■ Recorded data:
________________________________________
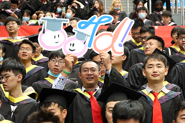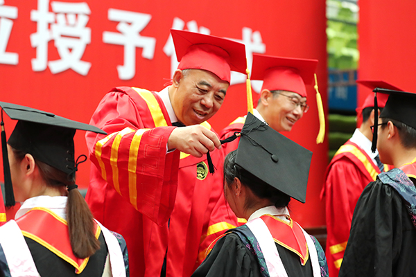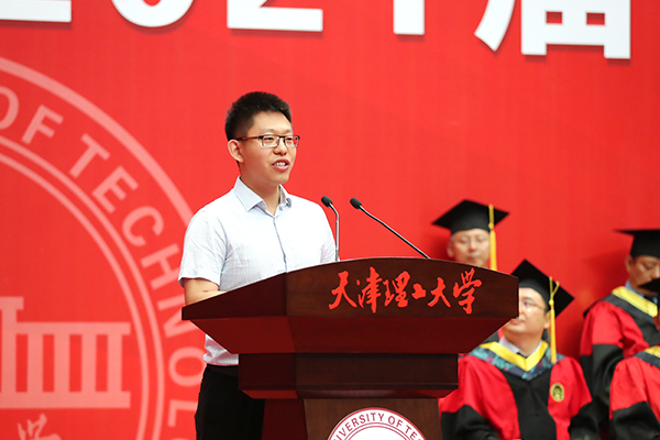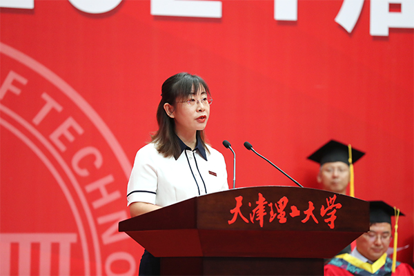 教师代表、“天理榜样”最美教师、理学院宋云燕向圆满完成学业的2021届全体毕业生表示祝贺,寄语广大毕业生重德重能做人,求实求新干事,彰显当代青年的智慧和力量,用天理品格助力人生更加耀眼夺目。
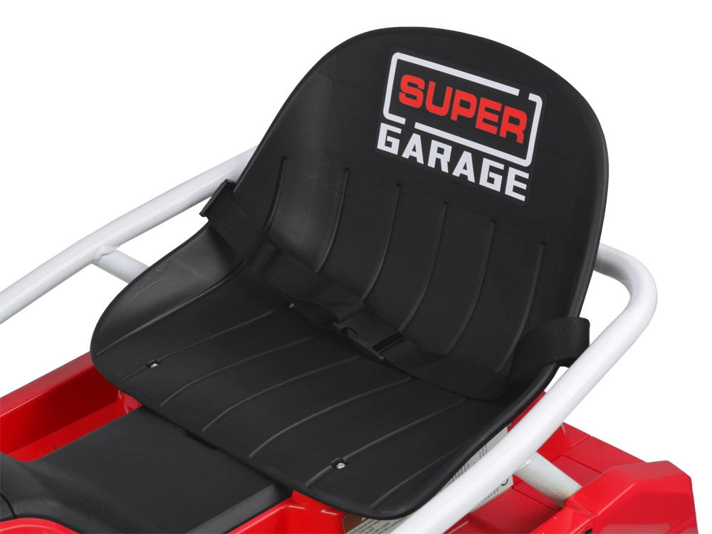 Merevített fém váz és deréktáji biztonsági öv tartja a gyereket a megfelelő pozícióban. Az alacsony ülés és az oldalsó védőívek növelik a stabilitást és a magabiztosságot a kormány mögött.
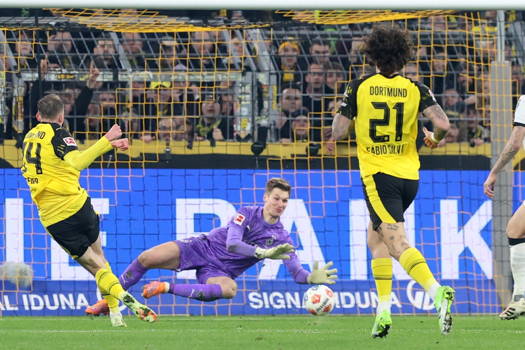 Im Gegenzug mussten erneut die Gladbacher durch Kobel gestoppt werden. Kurz vor der Pause kam noch einmal etwas Energie in ein bis dahin eher unspektakuläres Spiel. Dennoch blieb es beim Pausenpfiff bei der durchaus verdienten 1:0-Führung für die Schwarzgelben, die vor allem auf einer starken ersten halben Stunde beruhte. Danach brachte man sich mit vielen Ungenauigkeiten um den Zugriff und so musste Kobel schließlich die knappe Führung retten.
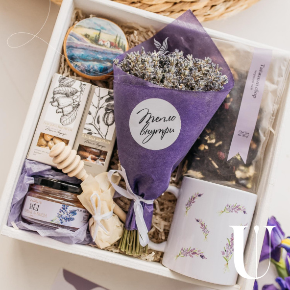 Букет ароматной лаванды не нужно ставить в воду, он будет радовать долгие годы. Ассорти орехов и мед, вкусное и полезное лакомство. Кружка и чай таёжный сбор для самых теплых и уютных посиделок. Пряник ручной работы, кокосовая конфета, деревянная ложка веретено - приятные детали, украшающие подарок. И конечно открытка для самых теплых пожеланий. Это готовый подарок, оформленный в оригинальном деревянном ящике. Создан восхищать!
________________________________________
■ What is being asked:
What belongs in the answer is each line above from the line with "Merevített fém váz" to the line with "Im Gegenzug mussten", inclusive, reproduced exactly and free of pictures.

■ Your response:
 Merevített fém váz és deréktáji biztonsági öv tartja a gyereket a megfelelő pozícióban. Az alacsony ülés és az oldalsó védőívek növelik a stabilitást és a magabiztosságot a kormány mögött.
 Im Gegenzug mussten erneut die Gladbacher durch Kobel gestoppt werden. Kurz vor der Pause kam noch einmal etwas Energie in ein bis dahin eher unspektakuläres Spiel. Dennoch blieb es beim Pausenpfiff bei der durchaus verdienten 1:0-Führung für die Schwarzgelben, die vor allem auf einer starken ersten halben Stunde beruhte. Danach brachte man sich mit vielen Ungenauigkeiten um den Zugriff und so musste Kobel schließlich die knappe Führung retten.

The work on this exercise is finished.